### [INSTRUCTIONS TO FOLLOW]
Beneath this task are records; print exactly the stretch of them from the line with "A simple silver" through the line with "[SEIYA INTERNATIONAL] フープピアス", both ends included.

### [INFORMATION GIVEN]
-=-=-

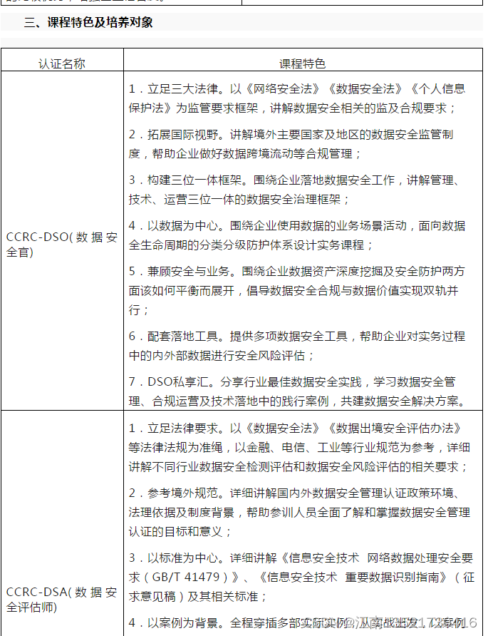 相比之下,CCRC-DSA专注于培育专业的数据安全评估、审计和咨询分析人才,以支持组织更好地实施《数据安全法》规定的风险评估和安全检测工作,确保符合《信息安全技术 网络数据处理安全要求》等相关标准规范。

-=-=-

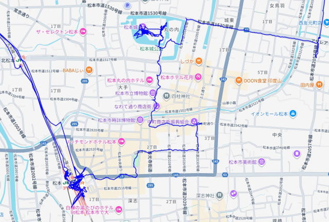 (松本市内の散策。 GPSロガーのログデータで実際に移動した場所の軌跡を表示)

-=-=-

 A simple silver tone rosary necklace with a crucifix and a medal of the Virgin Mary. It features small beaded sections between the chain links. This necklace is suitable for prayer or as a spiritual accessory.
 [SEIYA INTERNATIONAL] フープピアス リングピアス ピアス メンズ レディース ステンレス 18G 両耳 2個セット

-=-=-

### [EXPECTED OUTPUT]
 A simple silver tone rosary necklace with a crucifix and a medal of the Virgin Mary. It features small beaded sections between the chain links. This necklace is suitable for prayer or as a spiritual accessory.
 [SEIYA INTERNATIONAL] フープピアス リングピアス ピアス メンズ レディース ステンレス 18G 両耳 2個セット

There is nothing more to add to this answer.